Embora o termo “cultura” seja desafiador de definir, pode-se apontar para um consenso entre os teóricos de que o termo não abarca a totalidade da experiência humana e da sociedade (Henriques, 2022). Em vez disso, podemos nos referir mais especificamente aos padrões nas esferas de crenças, valores, símbolos e discursos que são compartilhados por um grupo de indivíduos (Smith, 2001). Alinhada à essa percepção, a JUST oferece uma nova perspectiva sobre a interrelação entre linguagem, autoconsciência humana e a evolução da cultura, interpretando tanto a autoconsciência humana quanto à cultura como sistemas de justificação. Nesse contexto, os sistemas de justificação são tidos como redes interconectadas de crenças e valores fundamentados na linguagem, que operam para legitimar uma determinada interpretação da realidade ou visão de mundo específica (Henriques, 2011).
A ideia é que os sistemas de justificação emergem em contextos sócio-históricos com o propósito de atuar como referências de pensamento e comportamento, coordenando as ações das pessoas. Por exemplo, a legislação pode ser considerada um conjunto formalizado de justificações respaldadas por poder institucional, com o intuito de legitimar o controle social sobre condutas consideradas impróprias. A ciência, a governança e a religião também podem ser compreendidas como sistemas coletivos de justificação. Em um nível mais abstrato da cultura humana, encontra-se uma organização desses sistemas de justificação composta por visões de mundo, narrativas, conceitos, valores e declarações centrais que atuam para estruturar e organizar os processos de construção coletiva de significado. Dito de outra forma, os sistemas de pensamento, assim como os laços sociais em suas mais variadas expressões, nos dão a impressão de sermos protegidos em nosso desamparo, condição antropológica fundamental do ser humano (Ceccarelli, 2009).
Considerações finais
A influência do pensamento seminal de Freud na teoria dos sistemas de justificação (JUST) é indiscutível. O modelo tripartido atualizado é nomeado explicitamente em referência ao trabalho de Freud, uma vez que os domínios do eu experencial, eu privado (ego) e eu público (persona) apresentam paralelos com o modelo tripartido do isso, eu e supereu.

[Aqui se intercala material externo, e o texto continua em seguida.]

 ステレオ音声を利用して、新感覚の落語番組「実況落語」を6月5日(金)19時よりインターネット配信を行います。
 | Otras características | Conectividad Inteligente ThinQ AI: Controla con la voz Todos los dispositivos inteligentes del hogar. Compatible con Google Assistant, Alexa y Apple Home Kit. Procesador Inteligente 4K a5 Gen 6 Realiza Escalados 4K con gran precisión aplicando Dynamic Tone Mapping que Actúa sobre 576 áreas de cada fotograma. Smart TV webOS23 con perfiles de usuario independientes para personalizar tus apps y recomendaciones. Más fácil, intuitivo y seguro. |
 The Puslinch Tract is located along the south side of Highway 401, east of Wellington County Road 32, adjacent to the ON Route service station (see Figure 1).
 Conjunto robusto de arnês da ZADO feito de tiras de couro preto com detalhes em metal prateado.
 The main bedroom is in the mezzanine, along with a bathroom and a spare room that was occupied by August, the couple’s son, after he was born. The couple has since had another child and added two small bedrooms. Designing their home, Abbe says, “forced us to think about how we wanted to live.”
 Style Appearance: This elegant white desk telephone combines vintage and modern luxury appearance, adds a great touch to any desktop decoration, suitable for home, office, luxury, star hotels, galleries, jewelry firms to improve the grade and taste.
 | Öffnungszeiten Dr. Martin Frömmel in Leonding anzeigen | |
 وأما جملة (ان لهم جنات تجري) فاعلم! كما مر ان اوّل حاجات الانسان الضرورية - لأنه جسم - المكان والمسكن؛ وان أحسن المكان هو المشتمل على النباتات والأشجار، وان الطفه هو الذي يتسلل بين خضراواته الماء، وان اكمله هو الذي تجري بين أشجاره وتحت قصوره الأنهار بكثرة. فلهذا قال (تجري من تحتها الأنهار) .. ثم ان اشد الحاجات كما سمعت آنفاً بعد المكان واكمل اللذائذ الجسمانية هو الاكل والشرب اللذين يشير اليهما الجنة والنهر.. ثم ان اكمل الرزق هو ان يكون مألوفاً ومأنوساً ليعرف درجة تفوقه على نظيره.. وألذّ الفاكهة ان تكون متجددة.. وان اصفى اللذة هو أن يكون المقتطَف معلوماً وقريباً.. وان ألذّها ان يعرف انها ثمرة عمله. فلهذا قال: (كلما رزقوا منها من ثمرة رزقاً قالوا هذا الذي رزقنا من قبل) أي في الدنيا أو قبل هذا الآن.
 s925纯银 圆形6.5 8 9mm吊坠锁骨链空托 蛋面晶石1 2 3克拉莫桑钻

Em consonância com a ideia de que os seres humanos são “animais culturais” (Baumeister, 2005), ou de horda (Freud, 1921/1996) o eu humano desempenha um papel central na dinâmica da cultura, uma vez que permite aos indivíduos aprender os padrões de linguagem e comportamento dos contextos em que nascem, possibilitando, assim, a sua socialização como membros da sociedade. Essa conexão entre o eu privado e o domínio cultural público nos permite estabelecer um paralelo com o conceito de supereu em Freud, que reflete os padrões sociais internalizados e idealizados. O conceito de supereu se sobrepõe significativamente ao eu público, ou persona, na teoria dos sistemas de justificação, podendo ser compreendido como a imagem que o indivíduo procura projetar e regular para administrar a forma como é percebido pelos outros.